Mycotoxins emitted as indoor molds break down mean that mold is another ongoing environmental concern for people with MCS. Luckily, mainstream medicine and housing authorities are beginning to recognize that everyone is at risk for mold-related illness, thus landlords and builders are managing mold problems more effectively.

Substances that trigger severe reactions in one person with MCS may not disable another MCSer. Some are more sensitive to pesticide, others more sensitive to the solvents in perfumes and paints. Some are felled by chlorine in the water, others can tolerate normal city water. This compounds the problem for MCSers who would like to help each other by sharing an apartment or house.

Brenda has witnessed a slow and steady improvement in her health since completing her airtight sealing of walls.
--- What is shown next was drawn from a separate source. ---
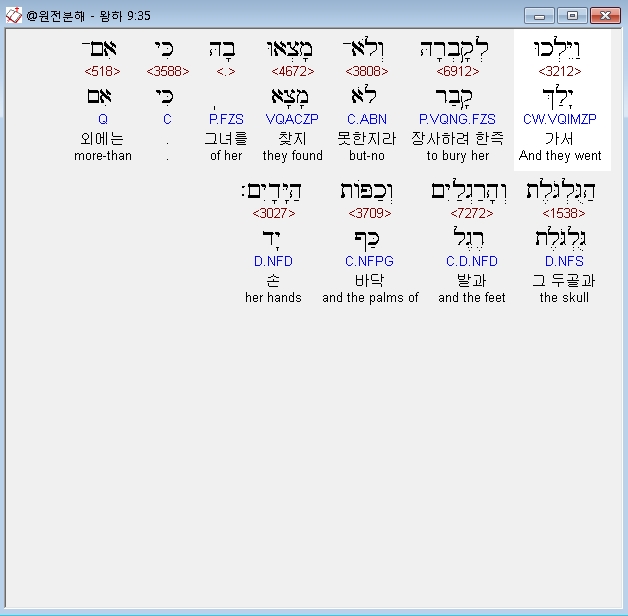 히브리어구약BHS,35 וַיֵּלְכוּ לְקָבְרָהּ וְלֹא־מָצְאוּ בָהּ כִּי אִם־הַגֻּלְגֹּלֶת וְהָרַגְלַיִם וְכַפֹּות הַיָּדָיִם׃

She's also secured some accommodation from her tenants, who no longer use solvent-based air-fresheners and highly perfumed laundry products. Her chronic fatigue and infections have largely abated. She is now able to work nearly fulltime, although she must work from home.
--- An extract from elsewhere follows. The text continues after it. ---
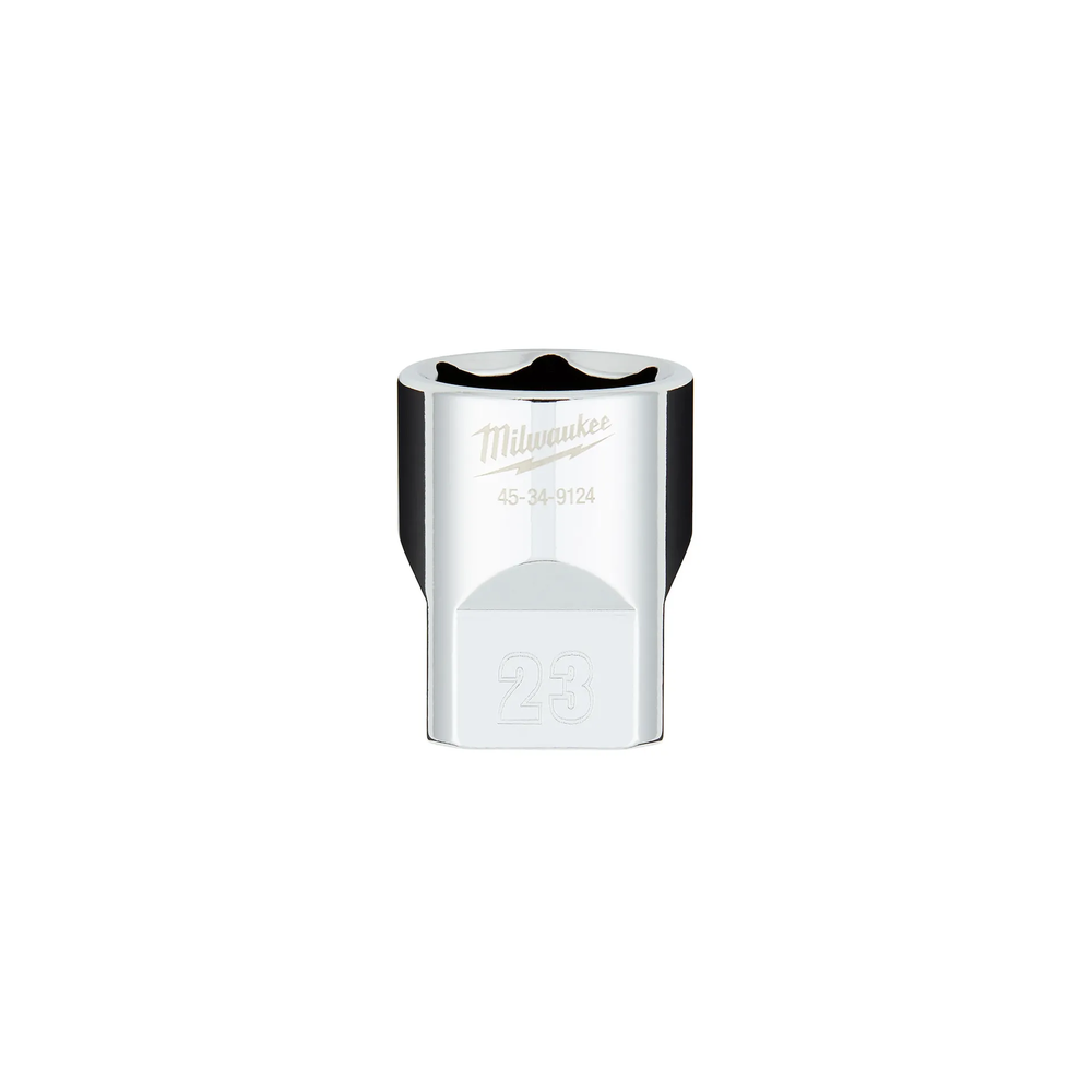 The Milwaukee 1/2' Drive 23MM Metric 6-Point Socket with FOUR FLAT Sides is engineered from the ground up to provide professional users with maximum versatility and durability. This socket features an innovative design with four parallel flat sides to deter rolling on the jobsite and provide wrench-compatibility for applications requiring additional torque. The large, stamped size markings offer superior visibility for quick identification, while the optimized geometry helps reduce bolt rounding and stripping. Built with a premium chrome finish for long-lasting corrosion resistance, this socket is a reliable staple for any professional toolkit and is part of the industry's most versatile socket family.

"I don't see how a person with limited means who must rent can live any kind of decent life with MCS, she says. "When you rent, you can't take the house apart the way I did. Apartment dwellers are stuck breathing what their neighbors put into the air."


'Neurotic,' I would have said

If someone had explained the details of their multiple chemical sensitivities to me 15 years ago, I, would have simply considered them neurotic. If someone had told me they'd have to have a whole-house reverse-osmosis water purifier to avoid being felled by the minute amounts of chlorine volatilizing into the air and absorbed through the skin while showering, I'd have said: "no way!"

If someone had told me that they had to cover the insides of every closet in their home with aluminum foil and tape it airtight, lest the residual mothball fumes (imperceptible to me) from a previous occupant cause them chronic pain, I'd have said "yeah, right!"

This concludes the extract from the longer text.